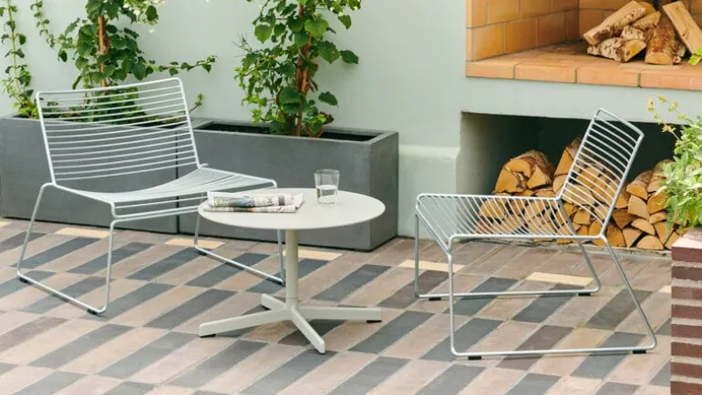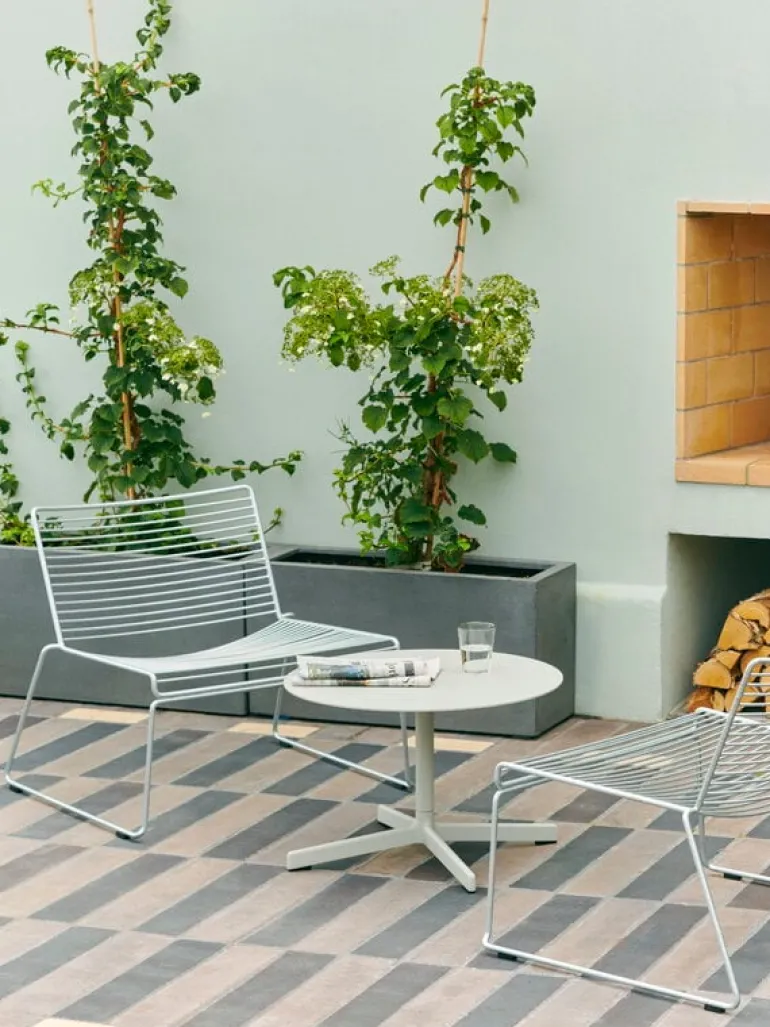HAY:s fåtölj Hee är en modern designklassiker som kännetecknas av sin luftiga metallstruktur som påminner om en tredimensionell streckteckning. Hee-fåtöljen är tillverkad av galvaniserat stål och tål att utsättas för konstant fukt och temperaturväxlingar utan att rosta – den här underhållsfria utomhusfåtöljen passar även i de tuffaste förhållandena, från saltstänkta kustklimat till oförutsägbara nordiska väderförhållanden.
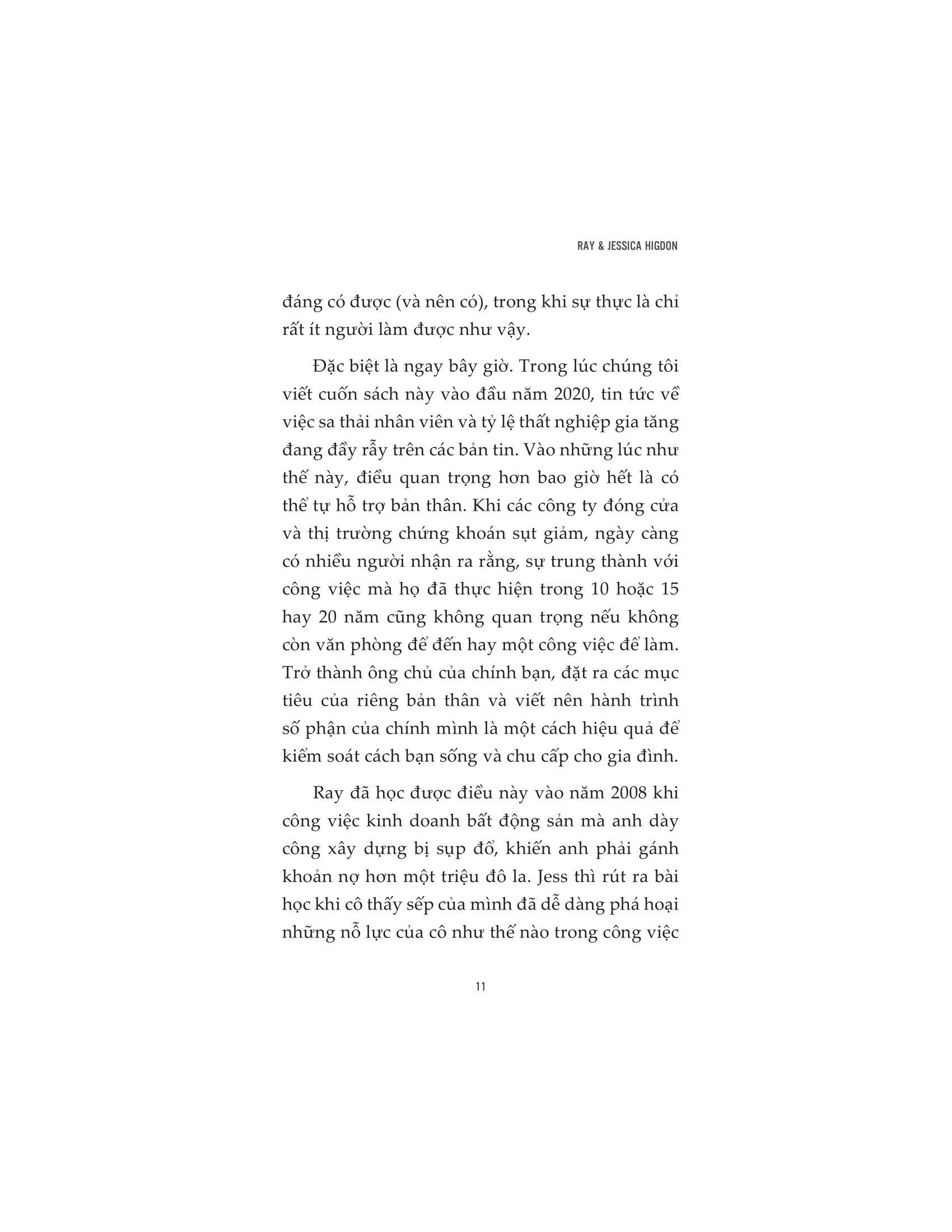 Bên cạnh đó, cuốn sách đưa ra những lời khuyên thiết thực theo từng bước để thúc đẩy bạn hành động, nhằm đạt được sự tự do về công việc, tài chính và tìm thấy lẽ sống của cuộc đời. Cuốn sách này không nói về việc dành ra cả cuộc đời của bạn để thực hiện những thay đổi mạnh mẽ và chấp nhận các rủi ro lớn, mà xoay quanh việc thực hiện hiệu quả các bước nhỏ để đạt được mục tiêu của bạn - điều này sẽ mang lại cho bạn cơ hội tiến xa như bạn muốn, tùy theo điều kiện của bạn.
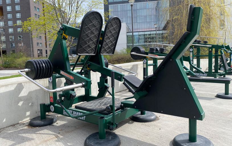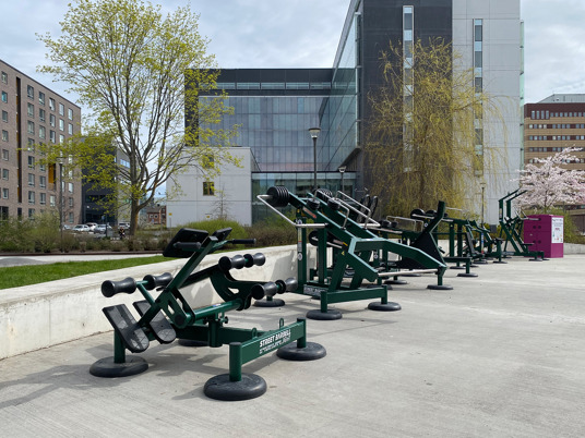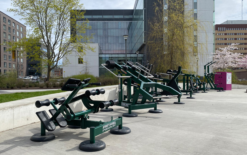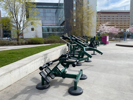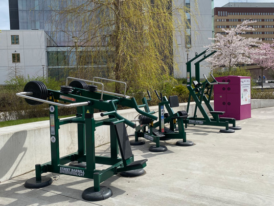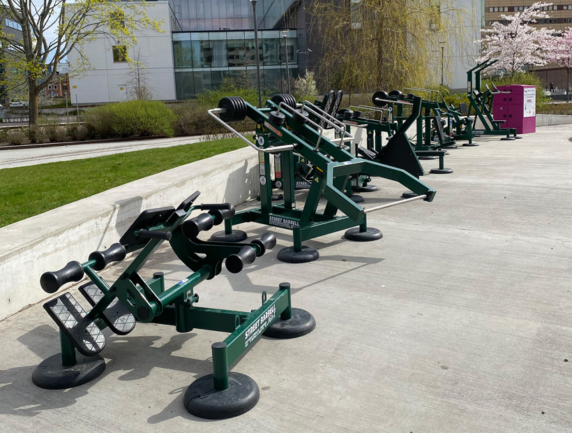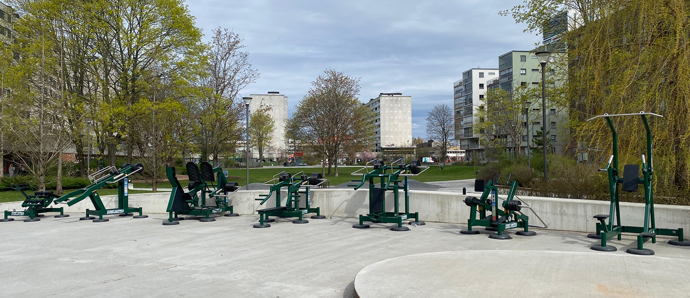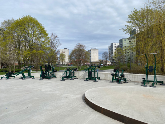 De justerbara träningsmaskinerna är pulverlackerade i RAL 6005 Moss Green. En härligt mörkgrön färg som smälter in med allt det gröna runt omkring i parken.
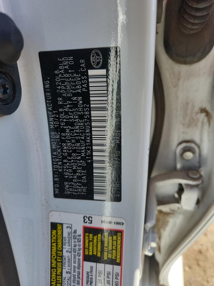 2022 TOYOTA CAMRY - 4T1K31AK6NU575852, колір - Білий, 2.5, Гібрид, із США
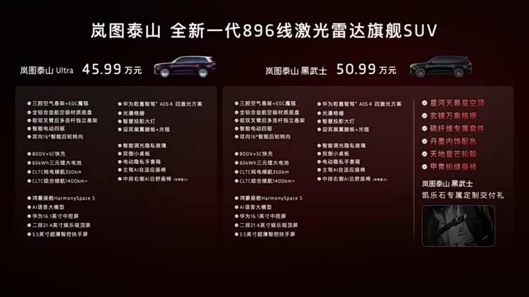 在此次发布会上,岚图汽车也迎来“全新一代896线激光雷达旗舰SUV”——岚图泰山Ultra的量产交付及泰山黑武士的重磅上市。其中,泰山Ultra版售价45.99万元,黑武士版售价50.99万元。

Work instruction: Print once more, exactly, the lines that start at the top of the records above and end at the line with "Bên cạnh đó, cuốn", skipping all pictures.

Response for this exercise:
HAY:s fåtölj Hee är en modern designklassiker som kännetecknas av sin luftiga metallstruktur som påminner om en tredimensionell streckteckning. Hee-fåtöljen är tillverkad av galvaniserat stål och tål att utsättas för konstant fukt och temperaturväxlingar utan att rosta – den här underhållsfria utomhusfåtöljen passar även i de tuffaste förhållandena, från saltstänkta kustklimat till oförutsägbara nordiska väderförhållanden.
 Bên cạnh đó, cuốn sách đưa ra những lời khuyên thiết thực theo từng bước để thúc đẩy bạn hành động, nhằm đạt được sự tự do về công việc, tài chính và tìm thấy lẽ sống của cuộc đời. Cuốn sách này không nói về việc dành ra cả cuộc đời của bạn để thực hiện những thay đổi mạnh mẽ và chấp nhận các rủi ro lớn, mà xoay quanh việc thực hiện hiệu quả các bước nhỏ để đạt được mục tiêu của bạn - điều này sẽ mang lại cho bạn cơ hội tiến xa như bạn muốn, tùy theo điều kiện của bạn.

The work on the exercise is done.